Miller chose not to contest the allegations and told the board, “I admit the foolishness.”

The board fined Dr. Robert Dresdner of Wilton $3,000 and reprimanded him for inappropriately prescribing narcotics to two patients without adequately examining them or documenting their treatment in 2014.

New York and Connecticut pharmacies had complained to the state in 2014 about suspected fraudulent prescriptions from Dresdner.

Dresdner, who admitted authorizing the prescriptions, did not contest the allegations and is now retired, records show.

The board unanimously rejected a consent order that would have fined Dr. Rey Ramos of Orange $5,000 and placed his medical license on probation for one year for abandoning a patient who was detoxing from narcotics.

State records show that Ramos, who works at Yale-New Haven Hospital’s Primary Care Center, ended the patient’s care in 2012 without providing for continuing care, prescribed opioids without counseling and prescribed excessive doses of methadone without justifying the doses.

The patient who filed the complaint against Ramos, Andrea Riskin, objected to the proposed penalty in a lengthy letter.
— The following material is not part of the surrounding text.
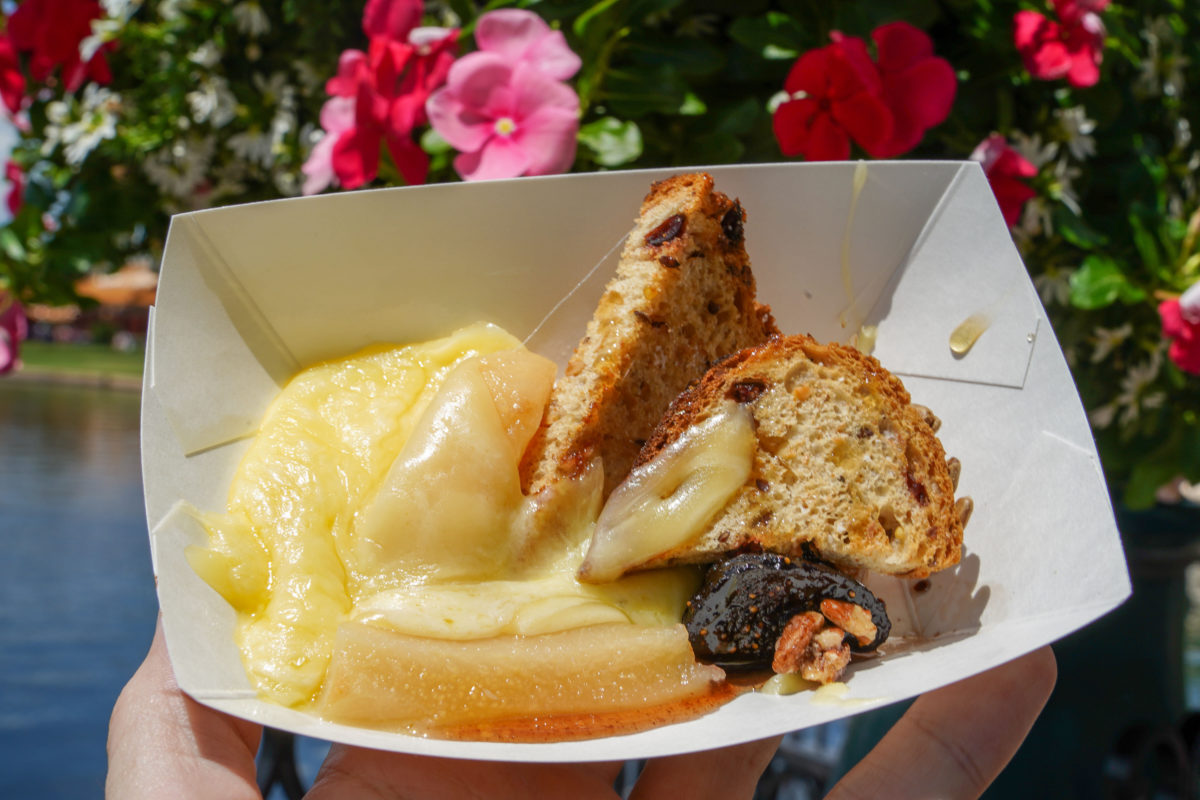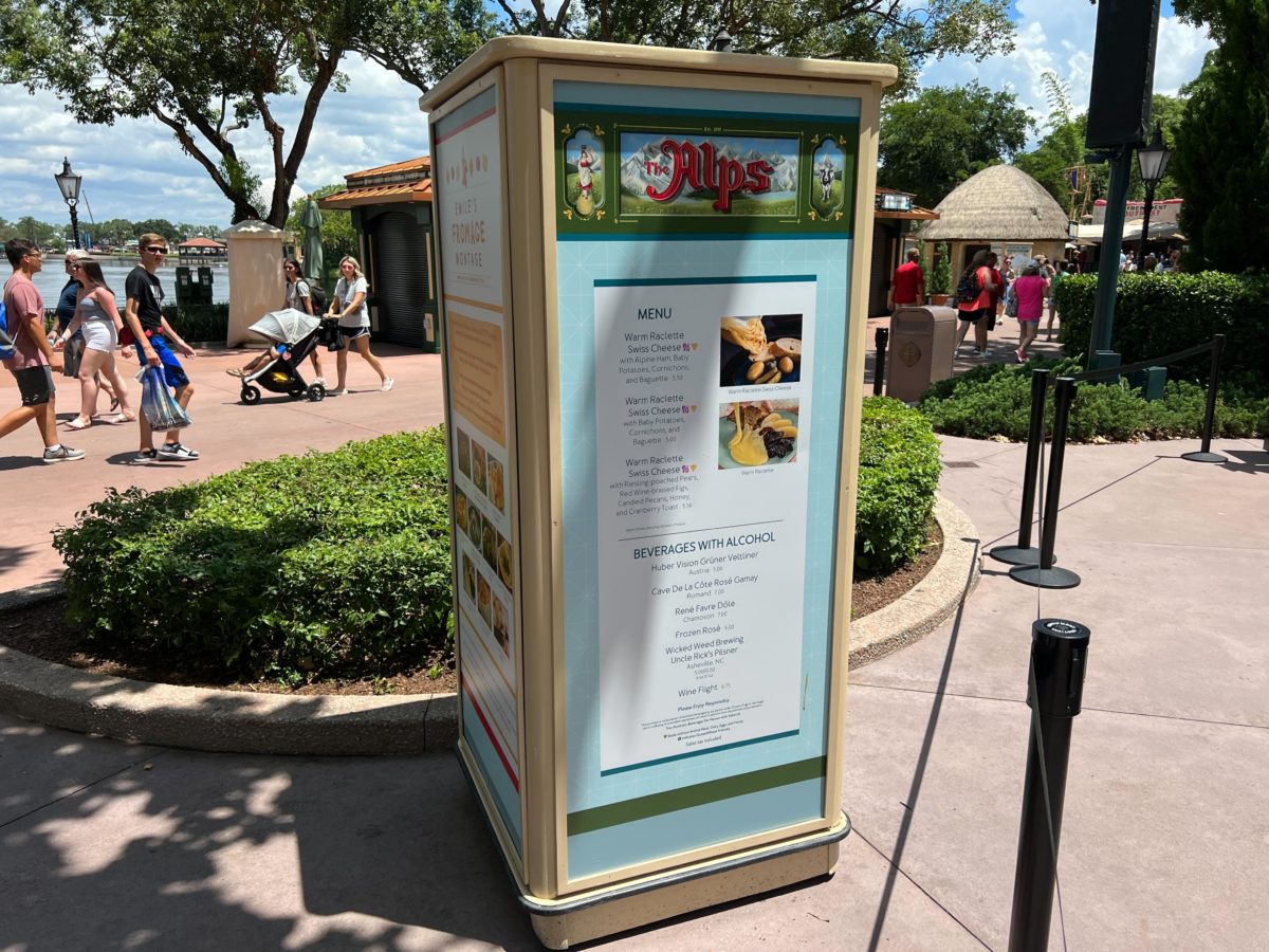 The Alps span eight European countries, so the food booth, available during the EPCOT 2022 International Food & Wine Festival, has done a great job bringing all of those European flavors together and representing all the different cultures and cuisines. Looking for savory options? Try the swiss cheese raclette with ham and a hearty beer. Or, for those looking for something sweet, there’s a pear and pecan raclette and a frozen rosé!
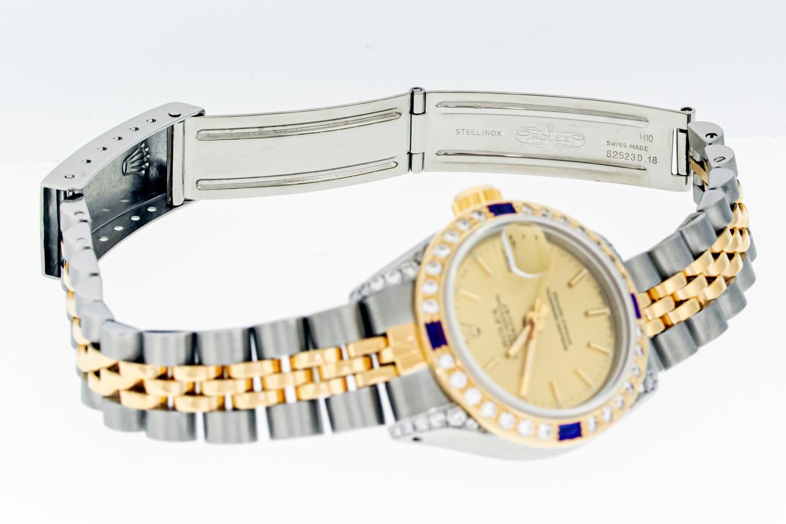 Rolex Ladies Pre Owned Quickset 18K Yellow Gold and Stainless Steel Two Tone Wristwatch Polished Bright with Satin Finish, Serviced & Electronically Tested, Rolex Stainless Steel Case: 26mm, Custom Diamond Lugs: Added Diamonds On Lugs, Diamond Count: 24 Diamonds On Lugs, Color: G To H, Clarity: SI-VS. Rolex Yellow Gold Crown, Custom Bezel: New 18K Yellow Gold Beadset And Sapphire Diamond Bezel, Stone Count: 28 Diamonds + 4 Sapphires On Bezel. Custom Crystal: New Sapphire With Magnified Date Window. Custom Hands: New Hands. Rolex Movement: Automatic Winding Movement. Rolex Dial: Champagne Dial With Dash Track & Lumi Dots, Date Window: 3 O'Clock Position Date Display, Model: Quickset Datejust, Condition: G-6 Extra Fine. Rolex Bracelet: Stainless Steel and 18K Yellow Gold Jubilee Band. Bright Polish & Satin Finish. 6.0 Inch Length, Adjustable. Standard Clasp, With Rolex Logo. This Watch Has Been Serviced Time Tested And Is In Excellent Condition It Is Free Of All Scratches And Dents.

Riskin wrote that he was treating her for pain, not substance abuse, and prescribed multiple opioids and told her to “play with the dose.” She wrote that he should have his medical license revoked because after he nearly killed her when he didn’t answer her calls for days while she had severe withdrawal symptoms.

When he did finally see her, she wrote, he screamed “you’re fired” at her and told her to find another doctor.
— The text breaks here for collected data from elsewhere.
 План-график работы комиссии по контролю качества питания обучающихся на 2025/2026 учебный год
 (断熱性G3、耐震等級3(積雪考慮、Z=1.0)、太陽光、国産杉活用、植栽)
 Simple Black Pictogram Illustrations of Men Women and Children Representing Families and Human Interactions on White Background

“He showed utter disregard for my life,’’ Riskin wrote. “He has proven, with the indiscriminate and unlawful way that he prescribed these meds for me, that he is not to be trusted with people’s lives.”

Ramos did not contest the allegations, but board members rejected the fine and asked for a full hearing on Riskin’s complaint.

“The patient’s letter was very distressing and upsetting to me,” board member Dr. Peter Zeman said.

Another board member, Michele Jacklin, said Riskin’s description of her treatment was “traumatizing and horrifying.”

The board also reprimanded Dr. Francesco Lupis of Avon for treating a patient at Westport Urgent Care in 2014 for a hand laceration, but failing to diagnose that the patient had a severed tendon, a consent order said. The board also placed him on probation and ordered him to complete courses in hand trauma management within six months.

Lupis did not contest the allegations. The patient who filed the complaint, Mary M. Maynard, wrote to state officials that Lupis is incompetent and deserved a more severe punishment. She wrote that Lupis called her at home after stitching up her hand and asked if he could bring her a bottle of wine.

Five days later, she said she needed surgery to repair the severed tendon. Maynard wrote that she has since recovered full use of her hand.